** TASK OBJECTIVE **
Exactly the lines starting at the line containing "Detail, remnants of" and ending at the line containing "Recently, the annual" are to be written out from the listing below, both included.

** DATA FOR REVIEW **
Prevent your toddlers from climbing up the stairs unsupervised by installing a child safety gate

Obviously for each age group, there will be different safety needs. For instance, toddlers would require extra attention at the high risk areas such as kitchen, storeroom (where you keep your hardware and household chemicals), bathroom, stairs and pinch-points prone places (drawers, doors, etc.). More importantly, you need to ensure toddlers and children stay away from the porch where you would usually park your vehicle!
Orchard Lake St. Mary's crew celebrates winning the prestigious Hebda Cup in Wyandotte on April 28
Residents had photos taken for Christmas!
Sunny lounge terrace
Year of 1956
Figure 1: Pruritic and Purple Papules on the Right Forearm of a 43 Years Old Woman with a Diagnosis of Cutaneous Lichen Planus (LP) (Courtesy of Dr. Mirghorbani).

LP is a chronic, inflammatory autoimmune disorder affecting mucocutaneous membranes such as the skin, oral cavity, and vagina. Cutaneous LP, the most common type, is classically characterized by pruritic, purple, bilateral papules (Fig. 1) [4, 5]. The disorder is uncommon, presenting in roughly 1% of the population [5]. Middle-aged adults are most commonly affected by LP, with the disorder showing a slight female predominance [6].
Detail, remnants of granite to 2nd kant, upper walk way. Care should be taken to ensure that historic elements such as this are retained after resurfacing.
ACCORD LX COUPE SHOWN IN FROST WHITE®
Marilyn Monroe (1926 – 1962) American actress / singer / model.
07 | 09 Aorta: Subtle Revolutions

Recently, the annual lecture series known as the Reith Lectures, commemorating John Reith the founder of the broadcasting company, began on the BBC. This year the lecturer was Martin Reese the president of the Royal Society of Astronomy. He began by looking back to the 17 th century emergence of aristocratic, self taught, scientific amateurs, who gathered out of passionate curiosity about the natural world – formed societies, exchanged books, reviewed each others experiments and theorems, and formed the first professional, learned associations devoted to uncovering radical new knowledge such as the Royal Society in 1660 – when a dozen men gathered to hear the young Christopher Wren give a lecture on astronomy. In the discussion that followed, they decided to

--

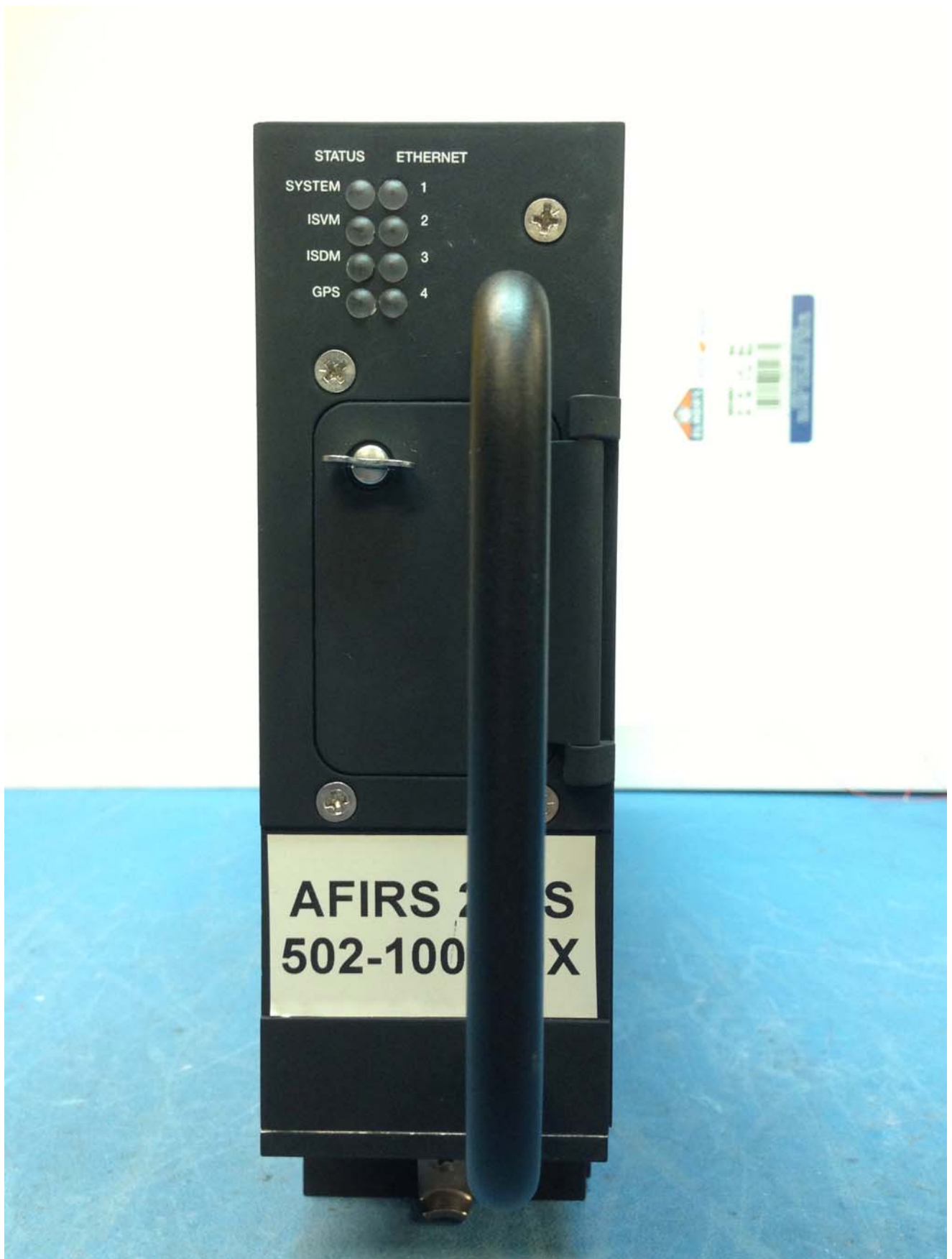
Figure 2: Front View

==

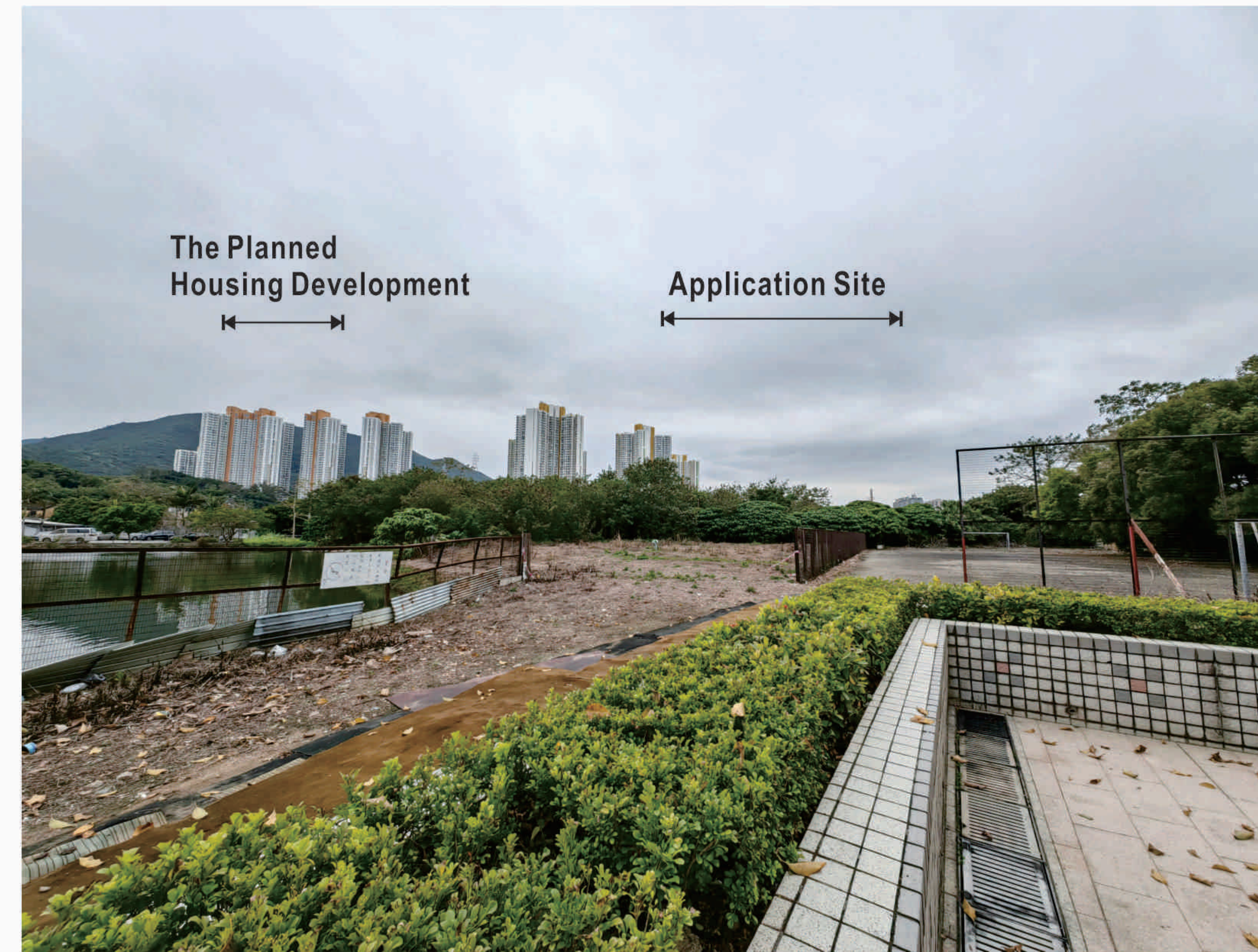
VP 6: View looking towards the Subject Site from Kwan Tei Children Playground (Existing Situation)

** THE ANSWER **
Detail, remnants of granite to 2nd kant, upper walk way. Care should be taken to ensure that historic elements such as this are retained after resurfacing.
ACCORD LX COUPE SHOWN IN FROST WHITE®
Marilyn Monroe (1926 – 1962) American actress / singer / model.
07 | 09 Aorta: Subtle Revolutions

Recently, the annual lecture series known as the Reith Lectures, commemorating John Reith the founder of the broadcasting company, began on the BBC. This year the lecturer was Martin Reese the president of the Royal Society of Astronomy. He began by looking back to the 17 th century emergence of aristocratic, self taught, scientific amateurs, who gathered out of passionate curiosity about the natural world – formed societies, exchanged books, reviewed each others experiments and theorems, and formed the first professional, learned associations devoted to uncovering radical new knowledge such as the Royal Society in 1660 – when a dozen men gathered to hear the young Christopher Wren give a lecture on astronomy. In the discussion that followed, they decided to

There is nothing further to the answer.